By Alice Kiingi
MOSES Mayengo, 28, has been a welder for 11 years. He works at Nakawa, a city suburb. His overall is stained with black oils. He has dark goggles through which he looks directly into the strong light from his welding that produces sparks of metallic particles that make fireworks patterns.
“I was inspired by my first employer who taught me how to cut, melt, join and bend metals into a designed product,” Mayengo says.
He knows the work is a health hazard but says he cannot afford the required protective gear.
Mayengo only uses ordinary sun goggles and, occasionally, a black mask with a glass protection as he welds.
According to the Documentation of the Threshold Limit Values and Biological Exposure Indices Ed 6, welding is the process of joining metal surfaces by heating them until they are slightly molten, then hammering them together to form a single piece of metal. In Uganda, the common ones are gas welding, where heat is generated by a combination of oxygen and fuel gas and electric welding where electrodes are used.
“Those sparks can leave small burns. Even the light has a way it pulls the skin to make it rough. The smoke itches and chokes, sometimes making you cough,” Mayengo says.
Dr Friday Agaba, an environmental occupational health specialist in the ministry of health, says welding fumes have dangerous chemical components like oxides of nitrogen and sulphur, carbon oxide and volatile organic hydrocarbons.
“Exposure to welding fumes through inhalation or eye contact may cause long-term health problems depending on the metal being welded and the methods being used,” says Agaba. He says respiratory effects include coughing, wheezing, bronchitis and heart diseases.
Dr. Tahobari Babigamba, an Ear, Nose and Throat specialist at Kim Medical Centre, says inhalation of the fumes can result in such respiratory problems like asthma and bronchitis.
“When the fumes reach the lungs, they are absorbed into the blood system and may cause cell mutation (change of cell shape as a result of fast division of cells), affecting organs like the kidney, liver and the bone marrow,” he says.
Babigamba says the changed abnormal cells replace normal ones which cease to function well and divide at a high rate, resulting into diseases like liver cancer, Nephroma (kidney) and Leukaemia (bone marrow). The document referred to metal fume fever, a condition that resembles influenza and is characterised by fever, eye, nose and throat irritation, chills, headaches, nausea, muscle pain, shortness of breath and a metallic taste in the mouth.
Evaristo Byekwaso, NEMA’s environmental audit and monitoring officer, says the authority considers a gas to be hazardous if it exhibits corosity (wearing out the walls of a building), toxity (poisonous) and reactivity (causing harmful effect to people and vegetation).
“When gases like sulphur and nitrogen dioxide react with water, they form acid solutions that damage vegetation, wear out buildings, irritate the eyes and interfere with the respiratory system,” he says. Dr. Mustafa Kanji, a consultant with City Optics and Contact Lens Centre, says intense exposure of the free-flowing ultra violet light damages the conjunctiva and the retina of the eye, turning it red and partial or total blindness eventually.
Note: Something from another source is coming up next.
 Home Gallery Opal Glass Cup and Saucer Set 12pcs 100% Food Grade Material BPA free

There are welding accidents, too.
Sande Ezra, a welder in Kampala, collapsed when his gas tubes leaked. It could have been worse because tubes not well fitted can explode the gas cylinder.
Mayengo says his colleague Isaac Mitala was shocked by electricity and died instantly. “some get electric shocks, burns especially in a wet environment, when using exposed or wrong wires like telephone cables and poorly insulated welding machines.”
What can be done?
According to Agaba, these health dangers are worsened by poorly ventilated rooms, inexperienced and untrained workers and those who smoke, eat or drink in areas where welding fumes are generated.
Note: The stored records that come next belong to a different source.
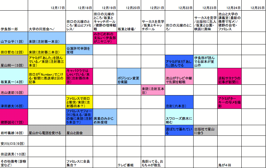 最近「空中ブランコ」で検索来訪してくれる人が増えてて微妙に嬉しい第7話。面白いアニメだと思うのになかなか話題にならんのよね。 今回の主人公は、1話からもちょいちょい出てきていたゴーグルヤクザ、猪野誠司(高橋広樹)。特徴的なゴーグルのおかげで背景にいてもやたらと目立つキャラクターだったが、今回ようやくメインで登場。アバンからいきなりロシアンルーレットによる脅しをかましたりと、なかなか堂に入ったその筋のモノ……と思ったのもつかの間。彼の症状は先端恐怖症。非常に聞き馴染みのあるこの病名だが、実際に重度の症状に悩まされている人間というのはなかなか見たことがなかった。そして、実際に見ると……結構間抜け。そりゃま、誰だった刃物は怖いんだけど、猪野の場合は冒頭に拳銃突きつけて啖呵切ってるだけに、筆記用具や野菜スティックにまで怯える様は非常に滑稽である。注射後の変身がチワワというのも皮肉が効いており、最後には敵対組織のヤッパのヤスと2人してチワワになってきゅんきゅん怯えているのが可愛らしい。 今回の治療は、実は非常に珍しいケースである。というのも、これまでのエピソードにおいて、様々な神経症の「原因」は、およそではあるが根本を提示されいてることが多かった。1話から順に並べると「人見知り」「妻の浮気への鬱憤」「執筆ストレス」「台頭する若手への不安」「秘密をしゃべりたい衝動」「孤独感」。しかし、今回の猪野の先端恐怖症の場合、何故そういった病気になってしまったのかという原因が明示されていない。そのため、今回はラストシーンでも病状が完治したという描写はなく、「そのうち慣れる」というぼんやりした幕引きになってる(最後にケーキにフォークを刺したカットを「治った」と見ることは出来るが)。伊良部の治療も、「逆療法で注射を刺そう」とか「サングラスをすればいい」とか、具体的な割には効果が出ないものが多く、いつものように「気がつくとベストの治療をしてたんだね」みたいな達成感が薄い。 代わりに、「怖がってもいいじゃないの」というある種消極的なメッセージ性みたいなものが伺えるのが今回の新機軸。主人公が刃傷沙汰に関係するヤクザもので、そのヤクザが女から「足を洗えばいい」と再三言われていることから、「刃物が平気でも自慢になんかなりゃしないんだから、苦手なりに生き方を見つけた方がいい」みたいなメッセージが読み込めるのだ。虚勢を張った神経の細いヤクザものよりも、それを尻に敷いてやりくりしている女の方がよっぽど強そうに見えるのは端的な部分である。 今回は猪野のコミカルなキャラクターも相まってテンポのいい演出が見どころとなっており、敵や子分の前で威勢のいい姿を見せながらも、女の前では一人の悩み多き若者になり、刃物を突きつけられれば滑稽なまでに怯え上がる猪野の表情が面白い。女にやり込められると背中の般若がショボンとしたり、「サンマはやめろよぉ!」と飛び上がって逃げたり、ゴーグルを入手してしたり顔でシャーペンを目に近づけてみたりと、中の人の高橋広樹も、実にのびのびとやっていて楽しそうだった。次回はあの岩田光央が登場。どんな素っ頓狂なキャラクターが飛び出すのか、楽しみです。 そうそう、サブイベントの話だが、今回12月24日に猪野が読んでいる新聞に、坂東が逆転サヨナラを演じたという記事が載っている。確か4話では坂東がベンチから声を出しているシーンで終わっていたはずだが、こういうところで別エピソードのエピローグが見られるというのは面白い趣向。そこで、以前からやりたいと思っていた時系列表を簡単にではあるが自作してみた。まだ見てないエピソードもあるので抜けはあるだろうけど、改めて見ると伊良部の激務っぷりが確認出来る。参考までに今週までを載せておこう。横の行が名前の人物に関わるイベントで、セルの色は何話で描かれたかを表している。 PR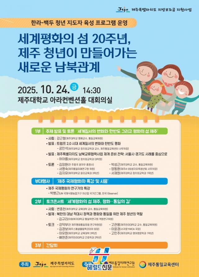 Á¦ÁÖµµ°¡ ÁÖÃÖÇϰí Á¦ÁÖÅëÀϹ̷¡¿¬±¸¿ø(¿øÀå °í¼ºÁØ)°ú Á¦ÁÖÅëÀϱ³À°¼¾ÅÍ(¼¾ÅÍÀå ±èÀÏȯ)°¡ ÁÖ°üÇÏ´Â À̹ø Çà»ç´Â ¡®Á¦ÁÖ Ã»³âÀÌ ¸¸µé¾î°¡´Â »õ·Î¿î ³²ºÏ °ü°è¡¯¸¦ ÁÖÁ¦·Î, °æ»öµÈ ³²ºÏ°ü°è ¼Ó¿¡¼µµ ÇѹݵµÀÇ ÆòÈ¿Í ÅëÀÏ ºñÀüÀ» ¸ð»öÇÏ´Â ÀÚ¸®·Î ¸¶·ÃµÆ´Ù.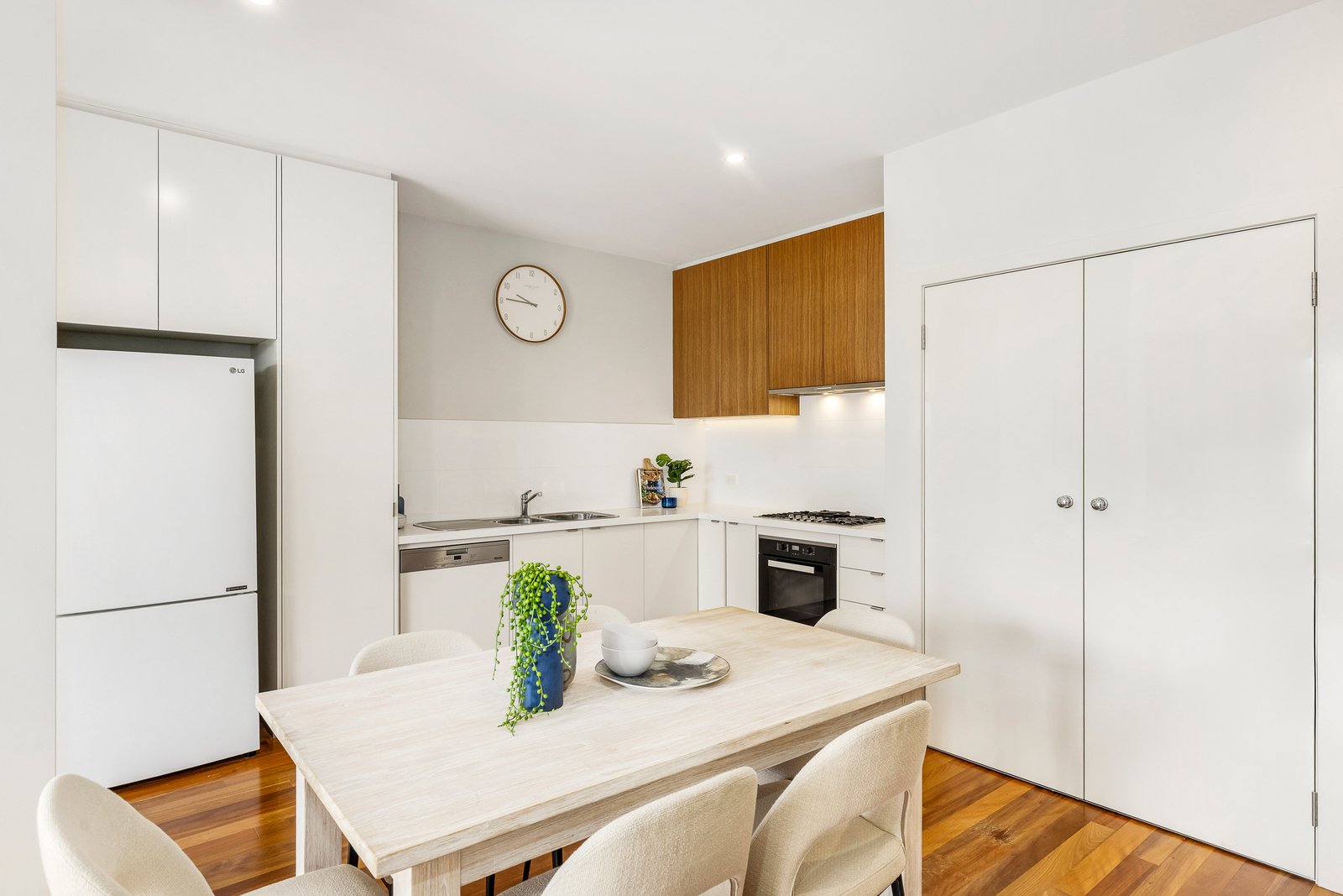 Inside, high ceilings and abundant natural light define the open-plan living and dining domain, connecting via full-height sliders to a generous and private north-facing balcony — ideal for alfresco meals and quiet retreat. The sleek kitchen is appointed with Caesarstone benchtops, a suite of Miele appliances, including a five-burner gas cooktop, oven, and semi-integrated dishwasher, all complemented by ample cabinetry.

Kanji says welders need big ultra-violet protection goggles to protect the bare eyes in all angles from the metallic sparks.
Welders should use appropriate protective equipment and clothing, including welding gloves to prevent burns and breathing masks to prevent inhalation of gases.
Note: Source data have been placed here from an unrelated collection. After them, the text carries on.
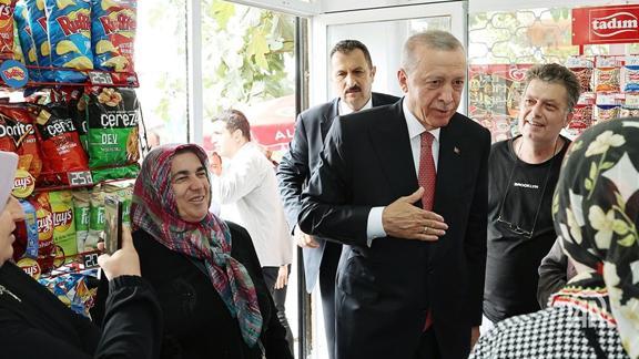 Konvoyu sık sık durdurarak her fırsatta vatandaşa kulak veren Erdoğan'a vatandaşlar da sevgi gösterisinde bulundu.
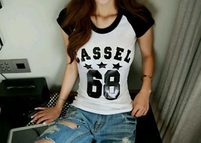 更新 《孙允珠2015.ShesComing - 2015.06▼SonYounJu▲ 2015.06.04 ┇ShesComing┇『简洁可爱彩石装饰字母T恤』》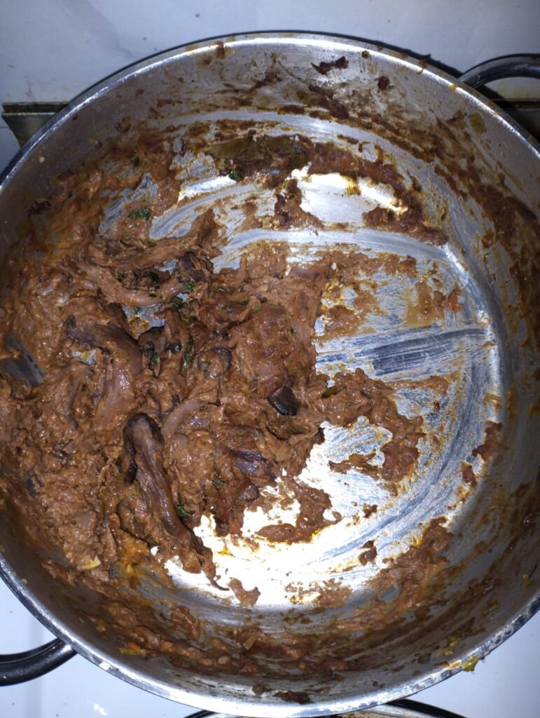 Tu sam još dodao malo soli, bibera, ljute mlevene paprike, lovorov list, crvenog vina (što bismo mi u Srbiji i komšije u Hrvatskoj jedini na svetu rekli crnog vina), pred kraj malčice pavlake za kuvanje da bi sve bilo kremasto, zatim belog luka pred samo skidanje sa ringle da se kuvanjem ne izgubi miris i ukus i na kraju, kad sam već skinuo sa vatre, peršunovog lista. Uh, u životu nisam napisao dužu rečenicu.
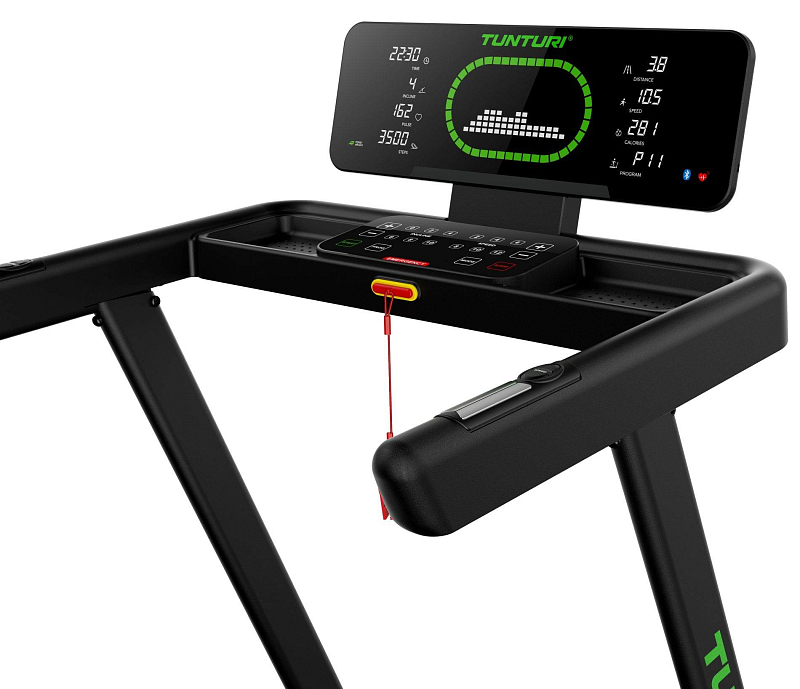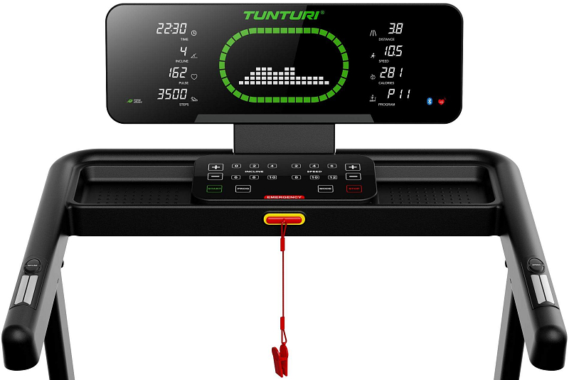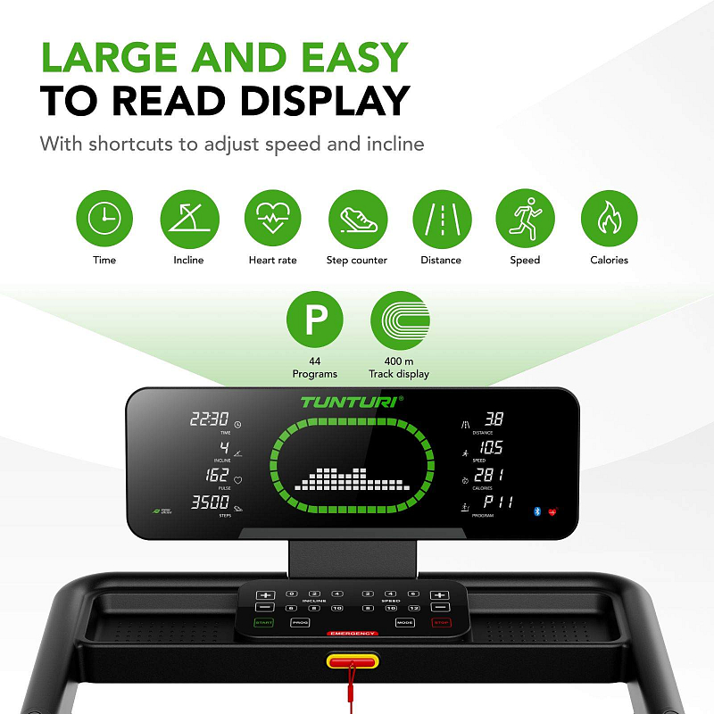 Pro maximální variabilitu tréninku je TUNTURI Cardio Fit T50 vybaven 44 tréninkovými programy, včetně HRC režimů řízených podle tepové frekvence, uživatelských programů, testu tělesného tuku i funkce rychlého startu. Na přehledném LED displeji s vizualizací atletického oválu vidíte všechna důležitá data přehledně uspořádaná po stranách – a i při použití tabletu zůstávají stále na očích. Nechybí držák na tablet, senzory tepu, rychlá tlačítka pro změnu rychlosti a sklonu a Bluetooth konektivita pro připojení k aplikacím i hrudnímu pásu.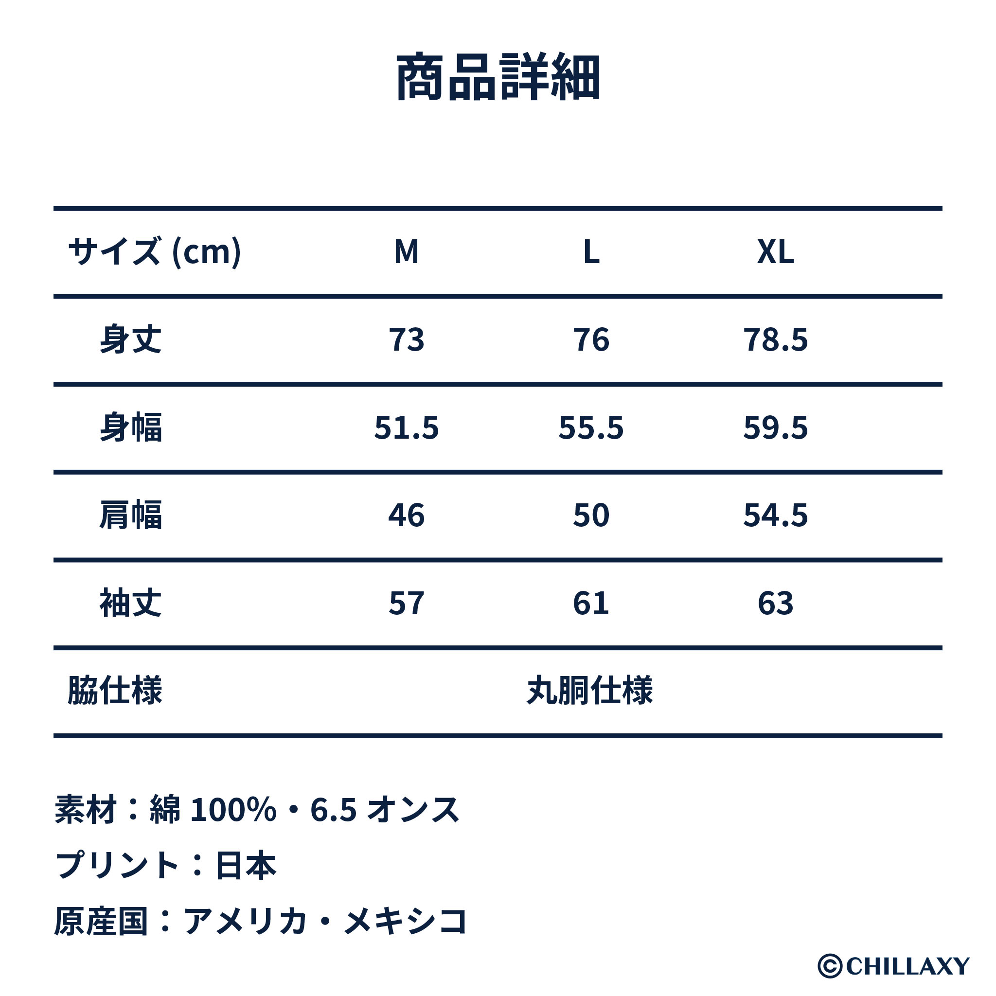 ・M:身丈73、身幅51.5、肩幅46、袖丈57

Chemical safety goggles or face shields should be worn during any operation in which intense light or a toxic substance may be splashed into the eyes.
Chemical-resistant clothing like aprons or overalls is useful in preventing skin contact.
Kanji calls on the ministries of health and labour to put in place relevant occupational health and safety laws and ensure they are enforced through awareness programmes for the workers and employers.
Health workers should also be trained in early detection of adverse health effects.